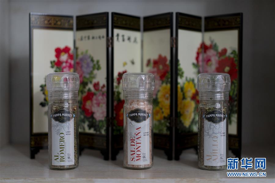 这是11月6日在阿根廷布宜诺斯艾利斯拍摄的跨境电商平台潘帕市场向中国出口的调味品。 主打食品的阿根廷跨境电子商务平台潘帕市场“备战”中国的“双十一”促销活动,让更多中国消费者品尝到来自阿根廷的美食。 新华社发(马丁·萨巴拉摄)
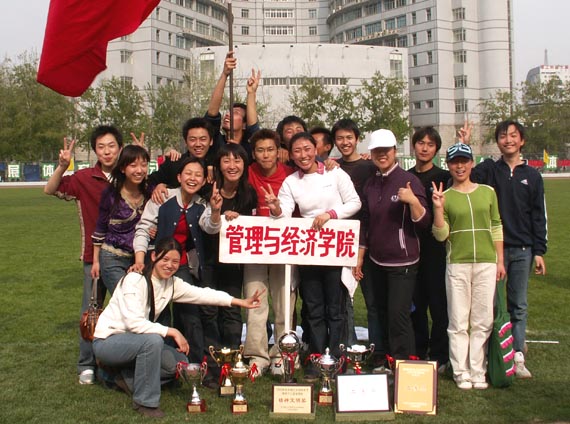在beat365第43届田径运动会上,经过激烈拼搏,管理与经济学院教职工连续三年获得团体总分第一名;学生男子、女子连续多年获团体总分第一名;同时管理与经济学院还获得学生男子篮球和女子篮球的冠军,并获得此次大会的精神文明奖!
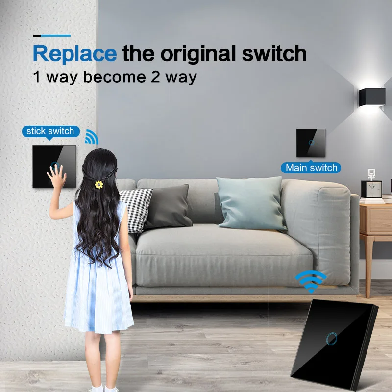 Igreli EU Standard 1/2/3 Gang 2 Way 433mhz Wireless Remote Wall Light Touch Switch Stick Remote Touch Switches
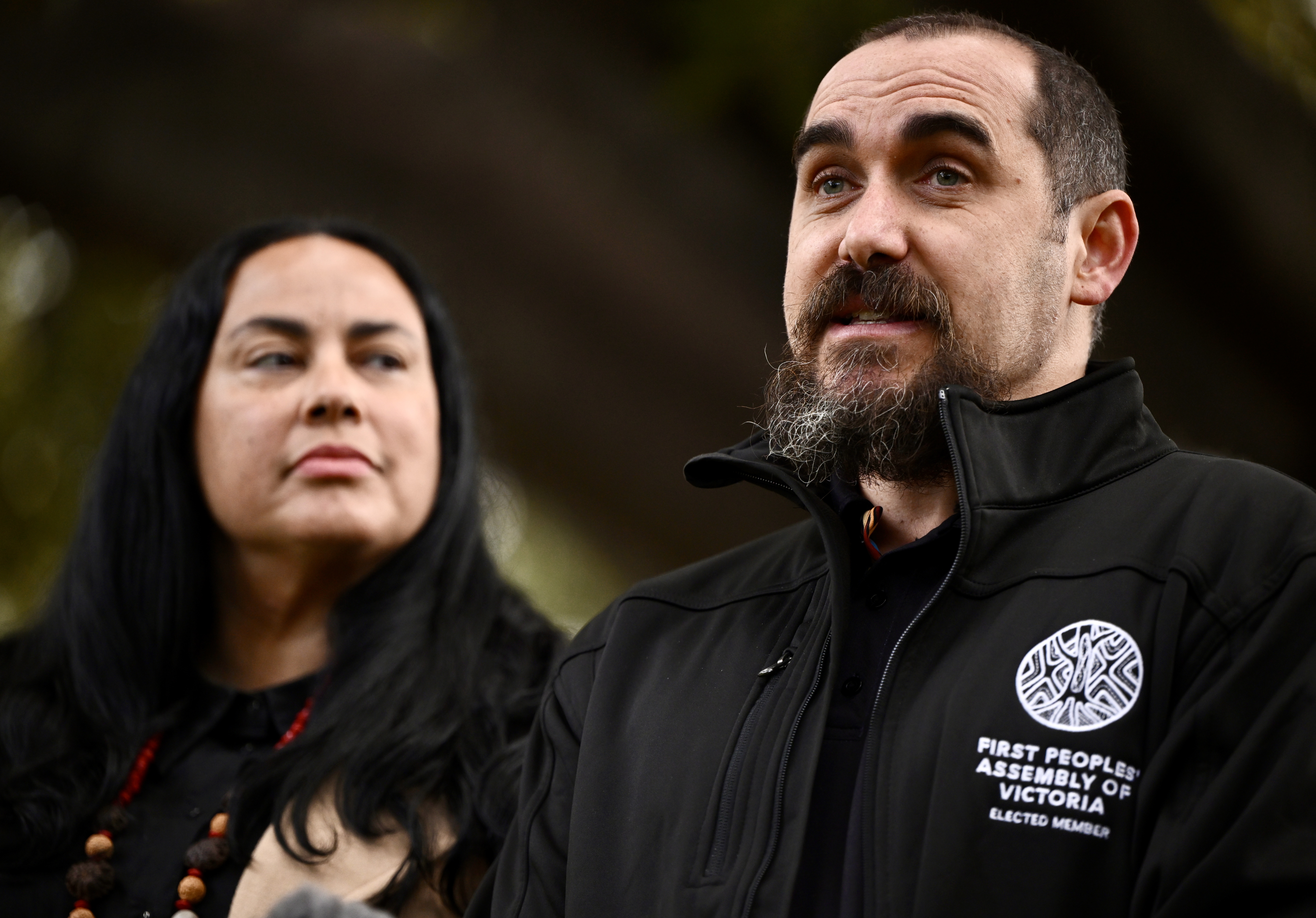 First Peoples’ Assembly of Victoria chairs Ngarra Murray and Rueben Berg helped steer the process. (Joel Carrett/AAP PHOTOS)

────

§ **Exercise objective**
Output the whole of the data, unchanged; keep the pictures out.

§ **Completed task**
 这是11月6日在阿根廷布宜诺斯艾利斯拍摄的跨境电商平台潘帕市场向中国出口的调味品。 主打食品的阿根廷跨境电子商务平台潘帕市场“备战”中国的“双十一”促销活动,让更多中国消费者品尝到来自阿根廷的美食。 新华社发(马丁·萨巴拉摄)
在beat365第43届田径运动会上,经过激烈拼搏,管理与经济学院教职工连续三年获得团体总分第一名;学生男子、女子连续多年获团体总分第一名;同时管理与经济学院还获得学生男子篮球和女子篮球的冠军,并获得此次大会的精神文明奖!
 Igreli EU Standard 1/2/3 Gang 2 Way 433mhz Wireless Remote Wall Light Touch Switch Stick Remote Touch Switches
 First Peoples’ Assembly of Victoria chairs Ngarra Murray and Rueben Berg helped steer the process. (Joel Carrett/AAP PHOTOS)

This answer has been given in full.